While searching for something constructive which would add to the intense 
discussion of Welfare, Workfare, Work for the Dole, etc., I happened on this 
four year old post to the first mail list I joined in January 1995.  The list 
was focused on the economic problems of former members of the U.S.S.R., and I 
was soon invited to take my posts to some other list.  In this larger 
conceptual framework, which reaches to the stability of the global economy, 
the whole submerged iceberg is brought into clear view along with the 
welfare/workfare issue which is the visible tip of the iceberg.

Cheers,

WesBurt

>>>>>>>>>>>>>>>>> Begin three year old post <<<<<<<<<<<<<<<<<<<<<<
January 31, 1995
Subject:  #173,  Requirements For An Efficient Market
To:  [EMAIL PROTECTED]

    A few will find the subject of this letter somewhere between unnecessary 
and anathema.  The many who are educated, managed, and governed by the few 
will remain oblivious of the subject.  But if two or three of us can agree on 
a valid data set and on a valid conceptual model to explain the data, we 
might be able, God willing, to answer the question:  Why are the United 
Kingdom, the United States, and the Russian Federation losing ground to 
Germany, Japan, Switzerland, and the Scandinavian countries?
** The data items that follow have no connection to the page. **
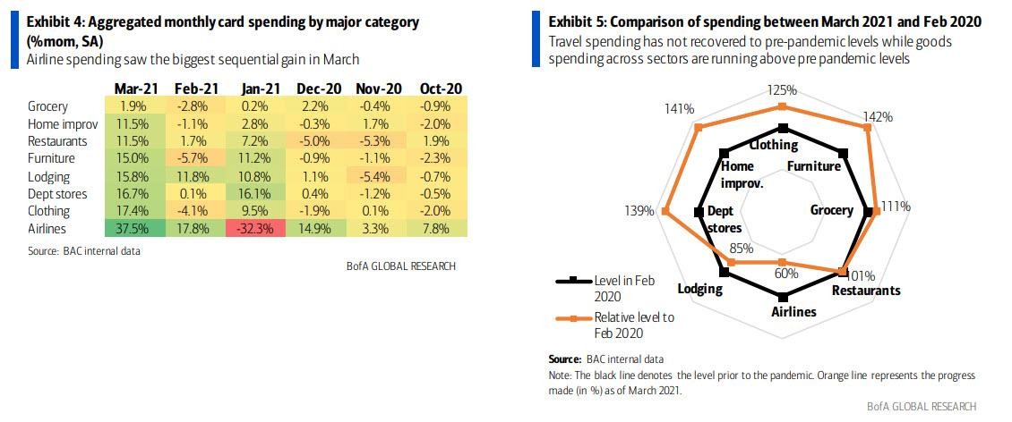 匯總美國銀行發行的信用卡和借記卡消費數據,美銀美林預測,3 月剔除汽車之後的美國零售銷售將環比大幅增長 11.1%,有望創下紀錄第三高,而這還是在旅遊開支尚未恢復到疫情前的水平……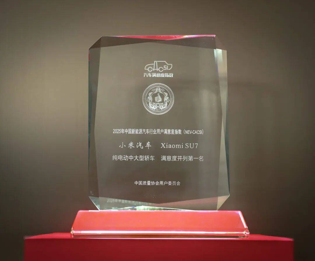 在中國質量協(xié)會最新公布的「2025年中國新能源汽車行業(yè)用戶滿意度指數(shù)」測評結果中,小米SU7憑借卓越表現(xiàn)脫穎而出,與另一品牌并列斬獲純電動中大型轎車類別用戶滿意度冠軍。這已是該車型連續(xù)第二年登頂權威測評榜單,去年曾以“市場關注新車(轎車類別)”身份摘得同項殊榮。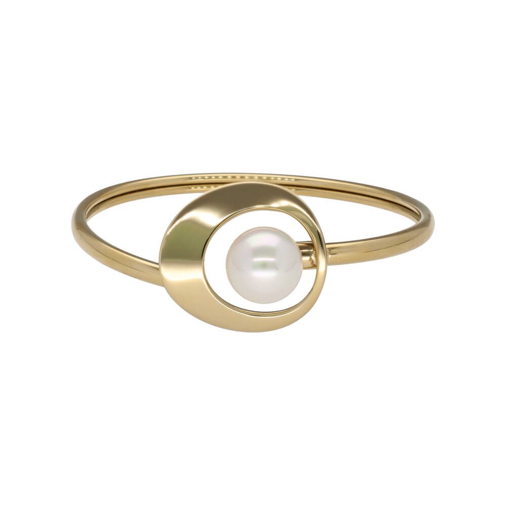 Narukvica dimenzija 46x58 mm od nehrđajućeg čelika s orkuglim bijelim biserom promjera 12 mm.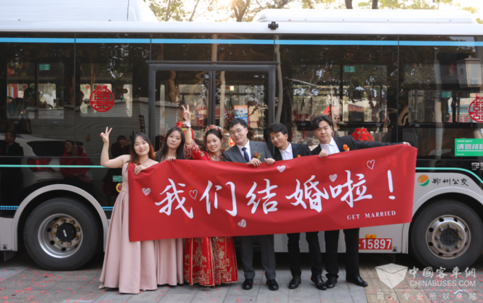 以往,婚车似乎被豪车的奢华阵容所“垄断”,而郑州公交却以大胆且极具创意的设想打破这一常规。一辆看似普通的纯电动公交车,在精心装扮之下,实现华丽转身,惊艳蜕变为满载幸福的“爱情专列”。车头那一大束娇艳欲滴、馥郁芬芳的玫瑰,传递出浓郁热烈的浪漫气息;车窗之上,张贴着一张张醒目耀眼、红得鲜艳的喜字,又为整个车身增添了几分庄重肃穆与喜庆欢愉的氛围;步入车厢内部,轻盈垂落的拉花、别具一格的贴纸,与精巧别致的挂件相互映衬,共同编织出一个浪漫而又不失华丽的温馨空间。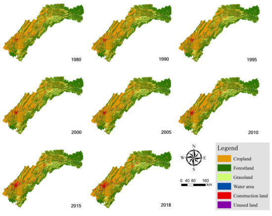 The LULC distribution of the TGRA exhibited a distinct spatial heterogeneity during the past 40 years from 1980 to 2018 (Figure 3). Cropland and forestland were the most widely distributed types of landscape in the TGRA. Cropland was concentrated in the west and north of the TGRA, whereas forestland was mainly distributed in the east and southwest. The distribution of grassland was relatively scattered, mostly in the southwest and north-central regions of the TGRA. Construction land was mainly distributed along the rivers in large central urban areas. The Chongqing downtown, located west of the TGRA, had the largest urban area, which expended dramatically during previous years. The water area was mainly distributed along the main stream and tributaries of the Yangtze River. The proportion of unused land in the TGRA was very small, which could have been neglected in the analysis.

    This is not a new subject.  Charles Murray raised the question in 1984.   
Gunnar Myrdal raised the same question in CHALLENGE TO AFFLUENCE, 1963.  
Stuart Chase raised it in a series of six books on WHEN THE WAR ENDS, 1942, 
for The Twentieth Century Fund.  Richard T. Ely, founder of the American 
Economic Association in 1885, discussed the subject in his 1938 autobiography 
GROUND UNDER OUR FEET, and called our attention in appendix I to European 
(Catholic) teaching on the "family wage."  But then, Thomas Paine had 
anticipated all of them in his RIGHTS OF MAN, Part II, 1792, and in his 
AGRARIAN JUSTICE, 1797.   

Of course, Paine was trying to persuade the establishments of England and 
France to properly capitalize the cost of developing their most valuable 
assets, their people.   Prior to the 1890's, America's only defects were 
slavery and the tariff, according to THE LAW, 1850, by Frederic Bastiat.  
Today, however, when the national GNP/capita values tabulated below for the 
years 1949, 1961, and 1992 are divided by the Swiss GNP/capita to remove 
inflation, and plotted as % of Swiss for each year, the declining trends for 
the world's three greatest empires are so  gross, so obscene, that  they 
would not be obscured if the data were only half right.  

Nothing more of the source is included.